**Given records:**
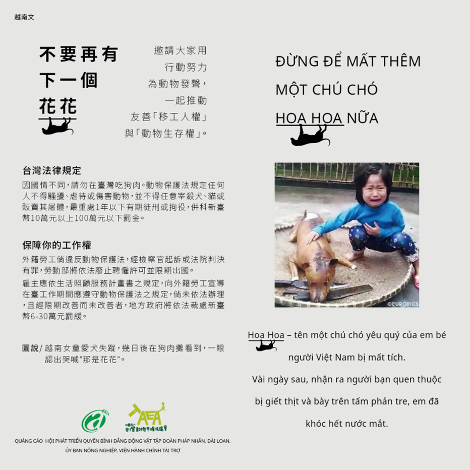 舉例來說,之前曾經因外籍移工吃狗肉的事件,媒體與輿論鬧得沸沸揚揚,許多人跑去領事館抗議、找立委開公聽會等,議題看起來非常熱,可是當我們開始為此推動法令教育,希望發傳單告訴移工,在台灣吃狗肉會觸犯動保法,想動員大家一起來宣傳的時候,發現許多當初講得很熱的人,對這一塊幾乎沒什麼感覺,不像抗議時那樣有熱度。因此,我覺得教育這件事看似容易,但只有真正去做時,才會了解有多麼困難,而且很難獲得肯定,這是我的親身體會。
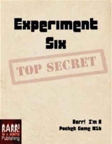 Experiment 6 is a basic no frills RPG.. All you need to play is some 6 sided dice¸ paper¸ graph paper¸ pencils and your imagination. This game is meant to be played by at least 2 Players and Game Master(GM) who runs the adventure for the Players.
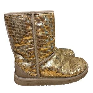 UGG classic boot gold sequin Sherpa lined size 5 US women’s
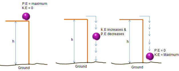 Final Answer: \( \boxed{\text{Potential → Kinetic}} \)
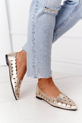 +10Női bőr balerinák Maciejka bézs-arany 01930-81
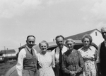 Description :ARTHUR ET SA MERE ENTOURES DE DEUX COUPLES PARENTS, DEVANT UNE AUTOMOBILE. ARTHUR EST LE TROISIEME A PARTIR DE LA GAUCHE.

**Work instructions:** All entries above, minus the pictures, should be repeated exactly.

**Output for this exercise:**
 舉例來說,之前曾經因外籍移工吃狗肉的事件,媒體與輿論鬧得沸沸揚揚,許多人跑去領事館抗議、找立委開公聽會等,議題看起來非常熱,可是當我們開始為此推動法令教育,希望發傳單告訴移工,在台灣吃狗肉會觸犯動保法,想動員大家一起來宣傳的時候,發現許多當初講得很熱的人,對這一塊幾乎沒什麼感覺,不像抗議時那樣有熱度。因此,我覺得教育這件事看似容易,但只有真正去做時,才會了解有多麼困難,而且很難獲得肯定,這是我的親身體會。
 Experiment 6 is a basic no frills RPG.. All you need to play is some 6 sided dice¸ paper¸ graph paper¸ pencils and your imagination. This game is meant to be played by at least 2 Players and Game Master(GM) who runs the adventure for the Players.
 UGG classic boot gold sequin Sherpa lined size 5 US women’s
 Final Answer: \( \boxed{\text{Potential → Kinetic}} \)
 +10Női bőr balerinák Maciejka bézs-arany 01930-81
 Description :ARTHUR ET SA MERE ENTOURES DE DEUX COUPLES PARENTS, DEVANT UNE AUTOMOBILE. ARTHUR EST LE TROISIEME A PARTIR DE LA GAUCHE.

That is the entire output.